New Era of Genome Modification, A
thesisposted on 29.04.2017, 00:00 by Lizabeth R. Hampton
Four decades ago, the advent of technology that could be applied to genetic engineering stimulated the hope that one day we would be able to 'fix' genetic disorders or inhibit cancer growth by replacing defective genes or introducing helpful genes into a person's genome. That hope was followed by frustration with the limitations of the technology until the recent development of a new strategy used in the CRISPR/Cas9 system, which is considered one of the most important developments in the field of genome modification to date. CRISPR technology can be used both for genome modification and post-transcriptional editing through RNA editing. Envisioned applications of the CRISPR system range from basic research on cancer and the study of essential genes to treatment of genetic diseases and cancer. However rather than a panacea for the treatment of intractable medical problems, the technology has presented potential negative consequences. Scientists have called a moratorium on the use of CRISPR technology until it was better understood. Furthermore, policy makers have preemptively banned the use of CRISPR in human systems.
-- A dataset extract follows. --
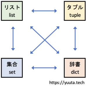 リスト、タプル、集合、辞書のオブジェクトの種類を相互に変換する方法 - Yuuta's Python notebook
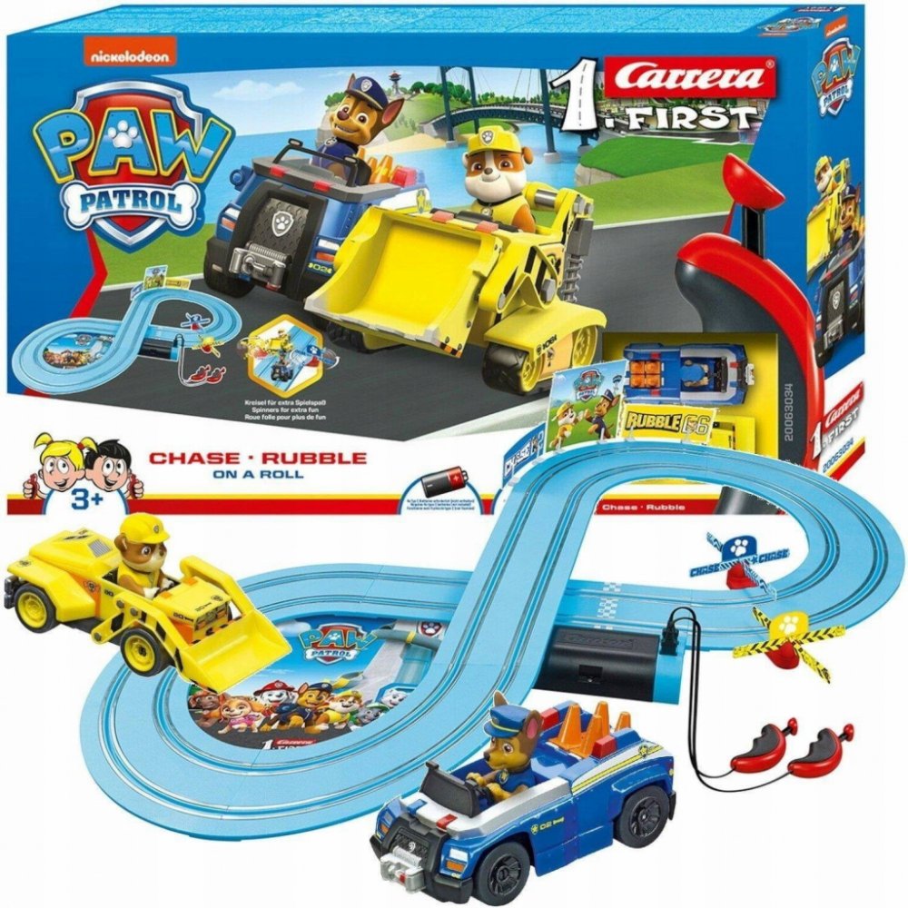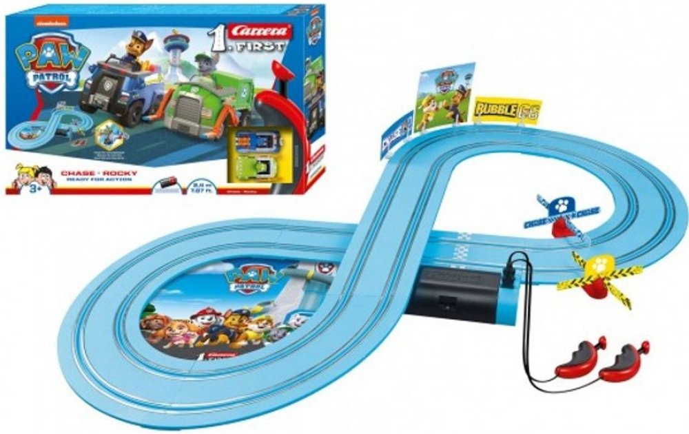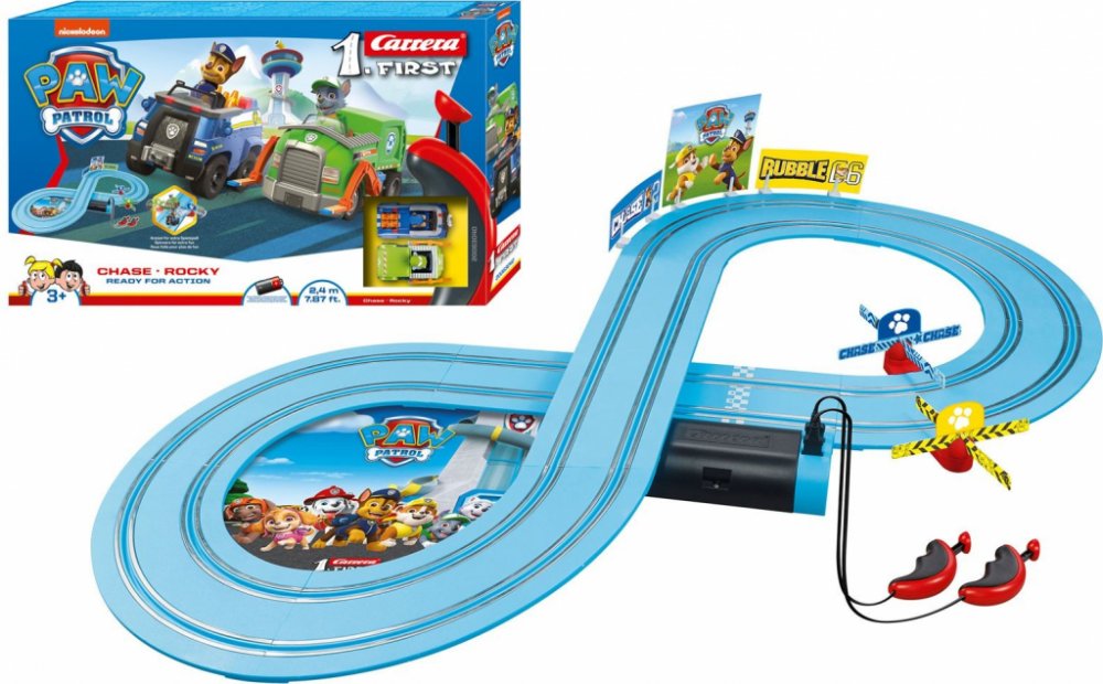 Autodráha First Paw Patrol, včetně dvou závodních autíček je zpracována jako analogová, v měřítku 1:50 a je určená pro nejmenší děti.

In spite of these fears, China has moved forward on studying CRISPR in human embryos anyway, though esteemed journals such as Nature, Science, and others, will not publish their studies due to ethical concerns. This literature review will describe the mechanics of the CRISPR technology in DNA modification and RNA editing, some of the current research applications and challenges, and finally, potential human applications and the need for regulatory oversight.